- Your task:
Your answer must be the exact lines from the one with "A penis-shaped, leather-like" to the end of the data, both included, with no pictures.

Dataset records:

▼▼▼

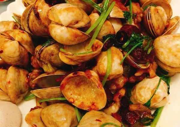 辣炒蜆子:提前把調料汁兒備好(蠔油白糖醬油按比例調汁兒)圓蔥切絲兒,香菜切段,泰椒切段,熱鍋放油,油溫可以後依次入薑、麻椒、泰椒 爆香後 (想吃圓蔥的可在此時放入翻炒半透明狀態)後入蜆子 翻炒幾下倒入料酒翻炒 再放入之前調的料汁 蜆子都裹上湯汁後 出鍋前 撒入香菜 即可!
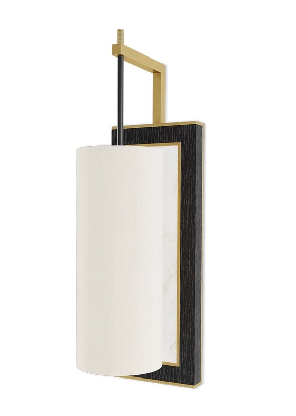 Освободите место у кровати с помощью настенных светильников, таких как лампа KASSEL с задней панелью из шпона дерева, латуни и камня и цилиндрическим абажуром из двойного шелка.
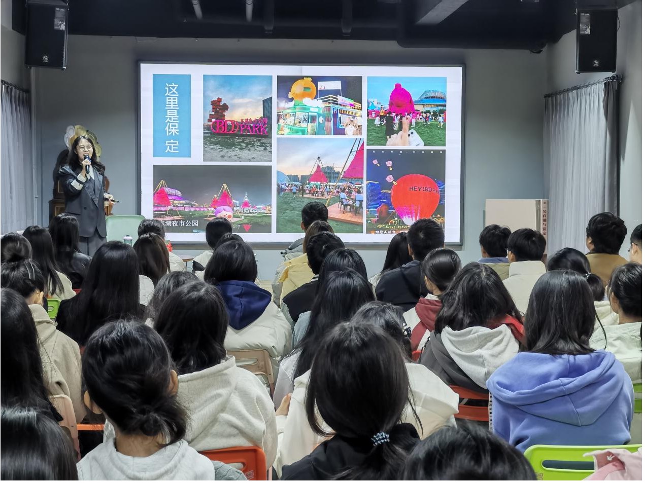 11月10日上午,我院教师宋铖铖受邀在半亩方塘文化社区举办了题为“保定——宜居之城新美学”的公益讲座,讲座吸引了百余人前来听讲。宋铖铖从城市美学的主要研究内容讲起,重点介绍了保定市如何从城市生活之美、生产之美、文化之美三个方面全力打造宜居之城,讲座通过大量丰富的图片,展示保定市近年来新建和修缮的文化活动、休闲娱乐场所,生动直观地为在场的听众呈现出保定市作为文化古城的历史底蕴和崭新风貌。听众纷纷表示,通过此次讲座,不但了解了关于城市美学的知识,还启发了自己去积极探索日常生活中的美好风景。
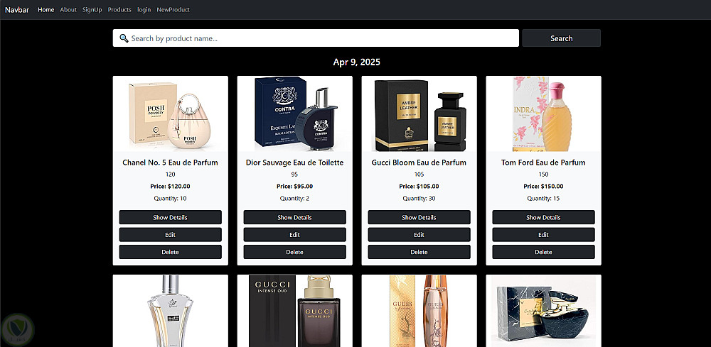 المشروع ده عباره عن eCommerce website لعرض الانواع المختلفه من البرفيومز يحتوي علي صفحات متتعدده مثل
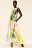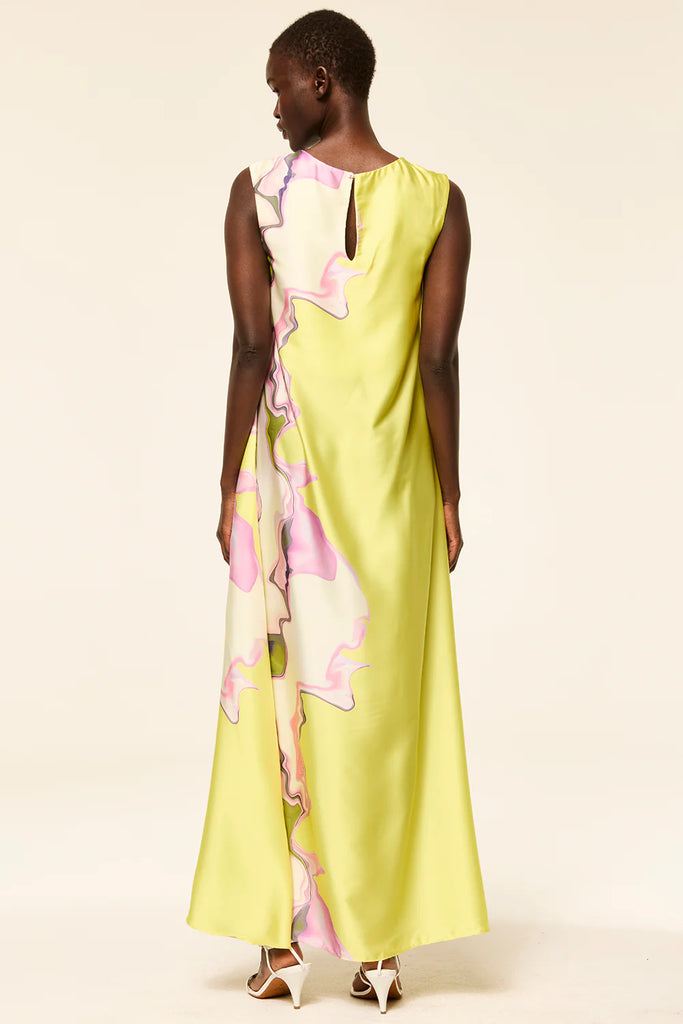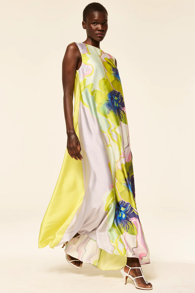 Sylvie dress is all things spring in a vibrant Marble Flora satin with a solid chartreuse back. This modern, flowing, sleeveless maxi dress features a high neckline with keyhole button-back closure. Pair with a simple heel or flat for a look that will carry you through the spring season and beyond.
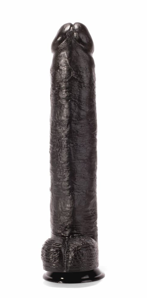 A penis-shaped, leather-like material made of leather-like material in the shape of a penis, without a motor, with a veined surface, complete with testicles. It can be attached to a flat surface with the help of its suction cup.
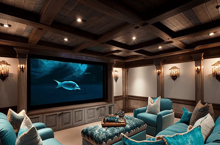 Add a large screen or projector, comfortable seating with leather recliners or distressed sofas, and warm ambient lighting to create an inviting atmosphere reminiscent of a vintage movie house. For an authentic movie experience, consider adding soundproofing materials to the walls and ceiling.
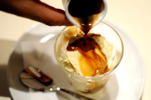 閉めのデザートはほろにがのエスプレッソをアイスにかけていただく。んまーい。

▲▲▲

- Your solution:
 A penis-shaped, leather-like material made of leather-like material in the shape of a penis, without a motor, with a veined surface, complete with testicles. It can be attached to a flat surface with the help of its suction cup.
 Add a large screen or projector, comfortable seating with leather recliners or distressed sofas, and warm ambient lighting to create an inviting atmosphere reminiscent of a vintage movie house. For an authentic movie experience, consider adding soundproofing materials to the walls and ceiling.
 閉めのデザートはほろにがのエスプレッソをアイスにかけていただく。んまーい。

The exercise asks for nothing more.